When Alex knew he had to find his money, I said, on impulse, "Can you sell anything?"
I am a frequent Craigslist seller, so that was my go-to for extra cash.

I wanted him to to sell something he no longer cares about. I had to intervene a couple of times because in his passionate zeal to gussy up the money, he suggested selling some of his more sentimental items - and I could tell he was torn up about it. Taking a breath, I pointed out that he had two side table lamps - which were in addition to his giant room lamp and the solar tube -  and two side tables. Three weeks later, he sold one bedside table and both lamps. $45.00

From there, he became inspired and encouraged. He sold a push-mower for $50.00. An analog TV which I had gotten for free from a hotel sale for $45.00. His dad brought down some electronics parts that we had discovered in the house and together he and our son decided which were sellable and which were not. They explored Ebay and Craigslist. Alex also leaped into the Amazon opportunity and sold some DVDs and old video games.

Alex then tried applying for jobs. His options are limited as a teenager with no car but we were hopeful.

We tried to go door to door in the local business park which was within walking distance of our home, but he lost heart after the first attempt when he was told, "No, sorry, no work for you." It IS a little scary for young people so I didn't push too hard.
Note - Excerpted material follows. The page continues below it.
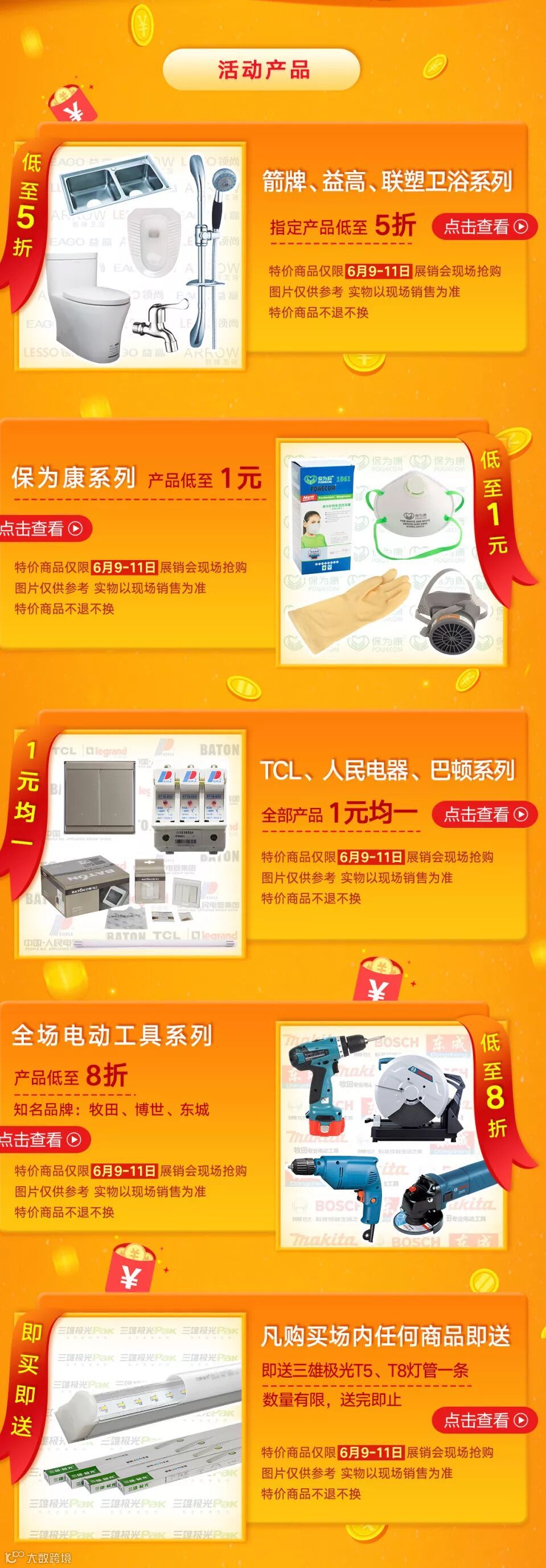 惊喜1:海量精选货品,现场大促销

He tried applying for a local treat shop position for a place he could ride his bike to. No answer yet, two months later, even with follow up emails and calls. I told him to let it go. It is his secret Dream Job. I hope they respond one day. ...

The clincher though was my husband asked a friend of ours, a successful realtor, if he had any work Alex could do. I had expected filing or something. Lo, and behold, my son was now in the lawn mowing business for a few of his properties.  We were excited for Alex, and so was he, but there were many lessons to be learned in his first business venture, as the first time out, Alex lost money because he didn't negotiate too well. Another problem was he didn't have the right equipment for this one property which reportedly had chest-high grass. My husband said, of course, we must get a new tool! and ran out the door to pick up a motorized blade thing. He does things like that.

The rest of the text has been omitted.